Потом мир заполнили мужские голоса, они шли непоколебимо, как стена, но Зауреш легко остановила их у самого горизонта. Однако песню о золотоволосой, которую кто-то тихо, проникновенно и долго пел, она не стала прерывать…
Снег искрился на солнце. Каждый раз, когда ветер устанавливался с северо-востока, где теперь в вечном окружении туч чуть виднелись вершины гор Акшатау, начинались бураны. То ослабевая, то вновь набирая силы, они длились по нескольку дней, и всегда после них земля оказывалась тщательно укутанной в мелкий плотный снег, похожий на песок пустыни. Такой же чистый, и так же развалившись гребнями, только более пологими и мелкими, он сверкал на неожиданном зимнем солнце весело и беззаботно, словно приглашал и людей радоваться вместе с ним.
Так было и сегодня.
Зауреш с сыном вывели отощавших овец со двора и погнали в степь. За месяц, который прошел после отъезда Дарии, Зауреш заметно окрепла, движения ее обрели уверенность, хотя оставалась она еще худой и ее старый тулуп сидел на ней так же просторно, как на Даурене доха Сатыбалды из волчьего меха.
Она молча шла за сыном. Снег неподатливо уминался под ногами, скрипел, на его сверкание было больно смотреть. Овцы бежали друг за другом, не останавливаясь и не пытаясь разгребать снег: травы на этом месте было мало, и лежала она глубоко.

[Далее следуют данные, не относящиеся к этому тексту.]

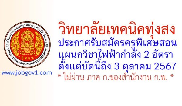 วิทยาลัยเทคนิคสุราษฎร์ธานี รับสมัครลูกจ้างชั่วคราว ตำแหน่งครูพิเศษสอน (ช่างไฟฟ้ากำลัง) 2 อัตรา
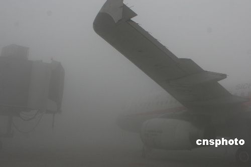 繼1月18日成都雙流國際機場遭受近年來最為嚴重的一場濃霧天氣襲擊后,19日,一場更為嚴重的濃霧再次襲擊雙流機場。這場濃霧發(fā)生在早上5:30左右,當時能見度僅有10米左右,機場被迫關閉。中新社發(fā) 呂俊明 攝
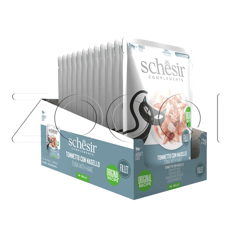 Schesir Cat Complements Tuna with Hake in jelly — влажный корм с тунцом и хеком в желе для взрослых кошек.
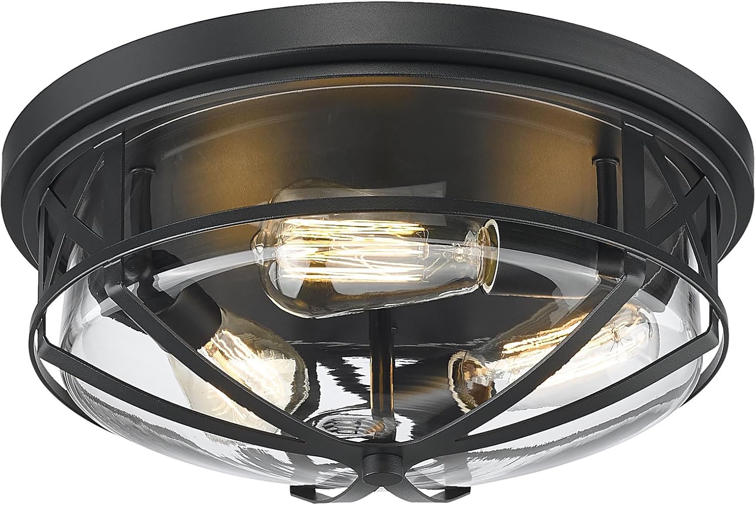Darkaway 15inch Ceiling Light Fixtures Large Flush Mount Light Fixtures with Clear Glass Shade, Indoor Outdoor Ceiling Light for Hallway Entryway Bathroom Stairway Porch Kitchen 3-Light E26
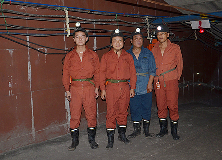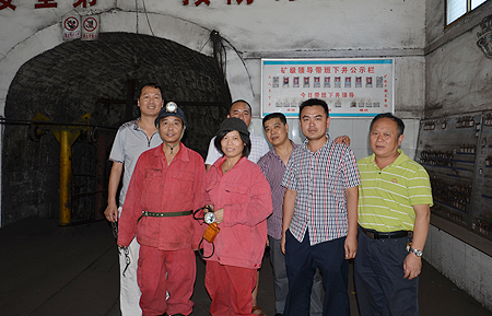 在丰华煤业公司石坝井煤矿,我院煤矿专业教师贺保平、蔡翰庭、李明杰与我院毕业生、在该矿上班的刘双正就今日井下状况进行交流。“这里矿区比较成熟,管理也很规范。我院多名学生在这上班,从事通风、机电方面技术工作,毕业生唐斌更是担任了技术组组长。”贺保平等人介绍说。
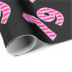 Den här roligten som omsluter papper design har nummer "79" med ett ljust rosa och mörk rosa stripe mönster, på svart färgad. Papper som denna kan användas när man slår in gåvor eller presenter för att fira någons 79-årsdag, ett pars 79-årsdag bröllop eller något annat 79-årsjubileum eller milstolpe. [~Z0000379]

А за ними в белом безмолвии стоял домик, из высокой глиняной трубы отвесно вверх тянулся синий дым, лежала тропка, как нить, ее проложили они с сыном. Они были здесь одни, оживляли пустынный край, мир словно держался на линиях, расчерченных ими, и на короткий миг Зауреш показалось, что они сами крепки и бессмертны. Ей стало хорошо от этого ощущения. В промежутках между зловещими буранами выпадает затишье, сказала она себе мысленно в такт шагам. Знойножелтые дни лета прерываются дыханием грозы… Странник в безнадежном устремлении вперед вспоминает забытую улыбку матери… Лишь бы ее больше не мучил приступ. Это самое главное. Нет ничего хуже быть в полном сознании и не владеть собой… Зауреш остановилась, чуть не уткнувшись в спину сына.
Овцы, фыркая, копошились в снегу, рыжели их спины, усыпанные сенной трухой. Здесь рос шагир — трава-сабельник, сухие стебли его и сейчас вырывались из толщи снега, овцы старались добраться до низа, густой поросли.
— Пожалуй, дальше не пойдем, — сказал Даурен. — Здесь и белый донник неплохой.
Зауреш огляделась. Они дошли до старых колодцев, где и вправду трава осенью выглядела сочной.
— Не спускай с них глаз, — предупредила она сына. — Сейчас как раз волки рыщут по степи.
— Тут все как на ладони. — Даурен стал заходить спереди овец.
— Смотри не обморозь щеки.
Даурен улыбнулся. Он почти не разобрал слов матери, улыбнулся просто звуку ее голоса.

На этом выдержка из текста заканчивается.